Grotius renders it, “that he should not go, unless he was willing to be bound.” Michaelis and Stolzius, “They gave him prophetic warning, that he should not go to Jerusalem.” Doddridge, “If he tendered his own liberty and safety, not to go up to Jerusalem, since it would certainly expose him to very great hazard.”
The inspiration in the case was that of admonition and warning, NOT OF POSITIVE COMMAND. Paul was simply apprized of the danger; and then left to the free determination of his own will. He chose to encounter the danger of which he was thus apprized. He did not despise the intimations of the Spirit; but he judged that his duty to God called him thus to encounter the hazards of the journey. We may be apprized of danger in a certain course, either by our friends or by the word of God, and still it may be our duty to meet it. Our duty is not to be measured by the fact that we shall experience dangers, in whatever way that may be made known to us. It is in following the will of God; and encountering whatever trials may be in our way.”

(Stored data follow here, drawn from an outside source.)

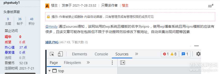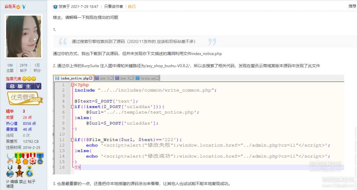 phpstudy1发布的原创帖子,实质是弄虚作假冒充原创,利用两份不一样的代码自导自演达到目的。后被热心技术坛友识破,经核实后,封号处理。
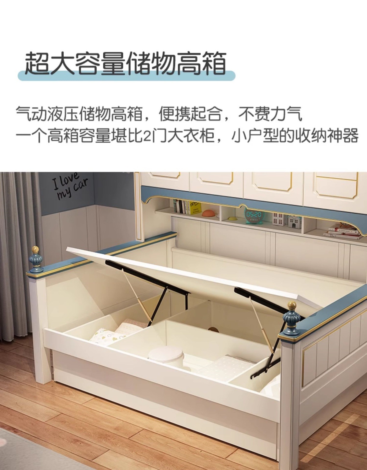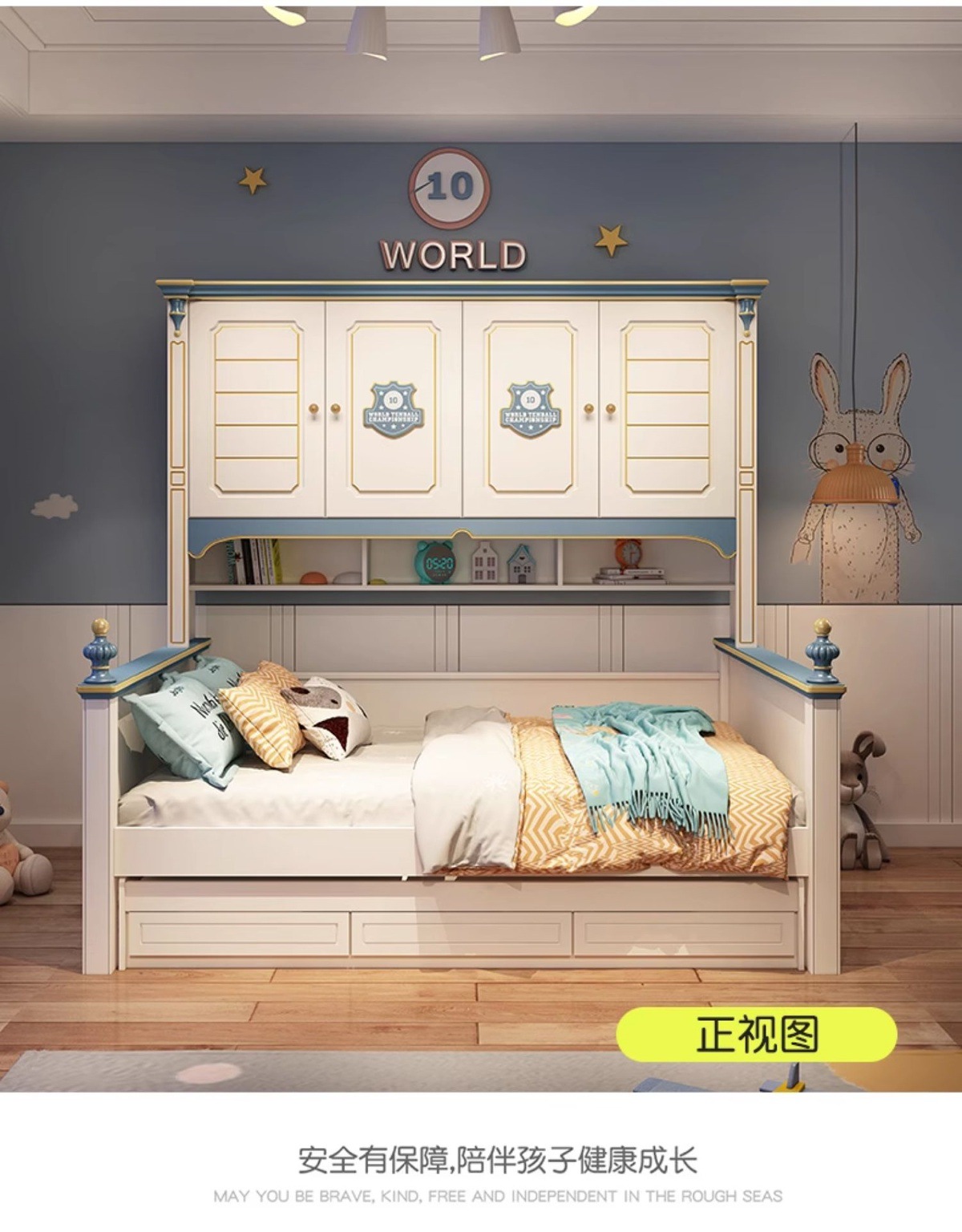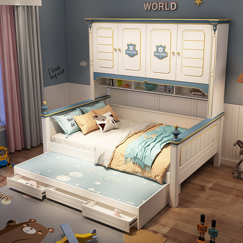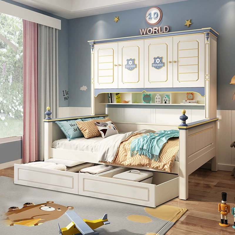 Гардеробная кровать, встроенная кровать, маленькая квартира, домашняя спальня для мальчика, многофункциональный книжный шкаф для хранения, кровать, американская детская кровать
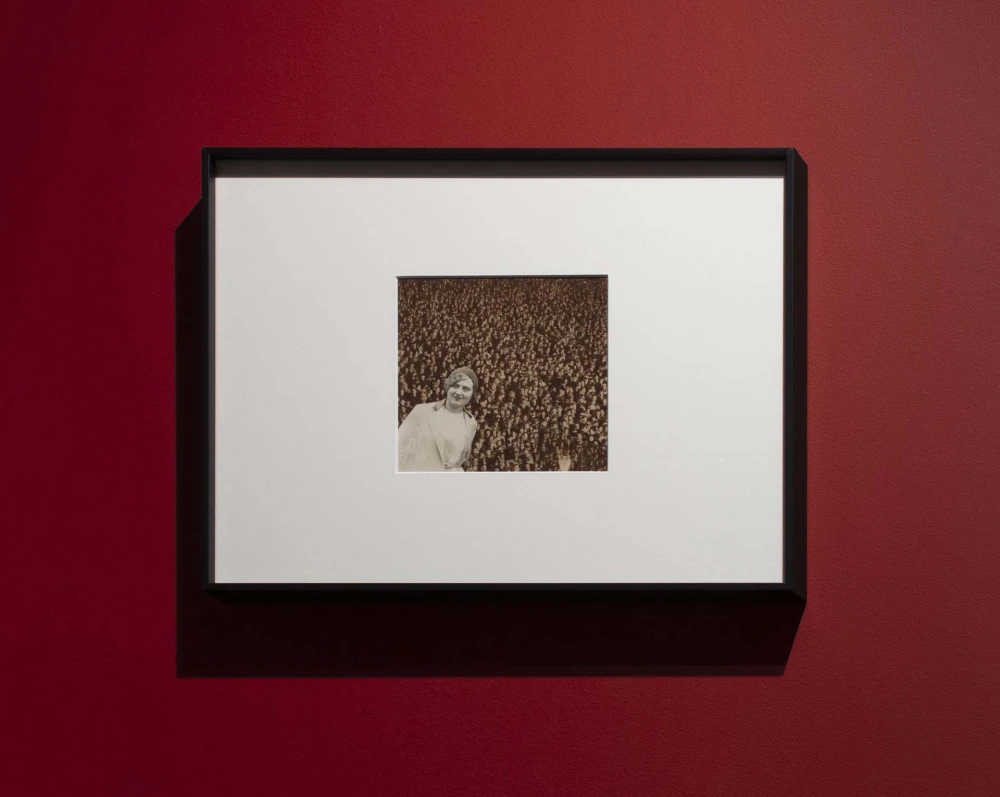Александр Житомирский, классик советской визуальной культуры, мастер политического фотомонтажа, плакатист и карикатурист, в своей творческой практике часто использовал прием наложения изображений для создания многослойных и насыщенных символизмом композиций. В этой работе он накладывает фотографию невесты Эрики на многогранную, многоликую толпу, формируя сложную диспозицию, в которой идеализированная личность оказывается на фоне массовости. Такое противопоставление раскрывает внутреннее напряжение между индивидуальностью и коллективностью — между единственным идеализированным образом и абстрактным, порой безликим коллективом. Работы Житомирского не были просто художественными экспериментами: они несли четкую идеологическую задачу, свойственную советскому искусству того времени. Они стремились показать образ «нового человека» — одну из ключевых концепций советской идеологии — как одновременно самостоятельную личность и неотъемлемую часть большого социального и политического целого.

All of these men feel that Paul was right in going to Jerusalem, and not committing any sin or rebellion.
Now let me give you one more.
Matthew Henry is not usually very theological or exegetical in his commentary.
But in this case he brings up something that I had not yet considered about why all these prophesies were given to Paul.
BEING A THING THAT WOULD BE SO MUCH TALKED OF WHEN IT CAME TO PASS, GOD SAW FIT TO HAVE IT MUCH PROPHESIED OF BEFORE, THAT PEOPLE’S FAITH, INSTEAD OF BEING OFFENDED, MIGHT BE CONFIRMED.
And withal they were endowed with such graces that foreseeing his troubles, out of love to him, and concern for the church, especially the churches of the Gentiles, that could ill spare him, they begged of him that he would not go up to Jerusalem … and therefore they said to him, by the Spirit, that he should not go up, because they concluded it would be most for the glory of God that he should continue at liberty; and it was not at all their fault to think so, and consequently to dissuade him;
but it was their mistake, for his trial would be for the glory of God and the furtherance of the gospel, and he knew it; and the importunity that was used with him, to dissuade him from it, renders his pious and truly heroic resolution the more illustrious.”
And in this case, I’m going to have to continue to stand with the majority, even if it is against my friend B. H. Carroll.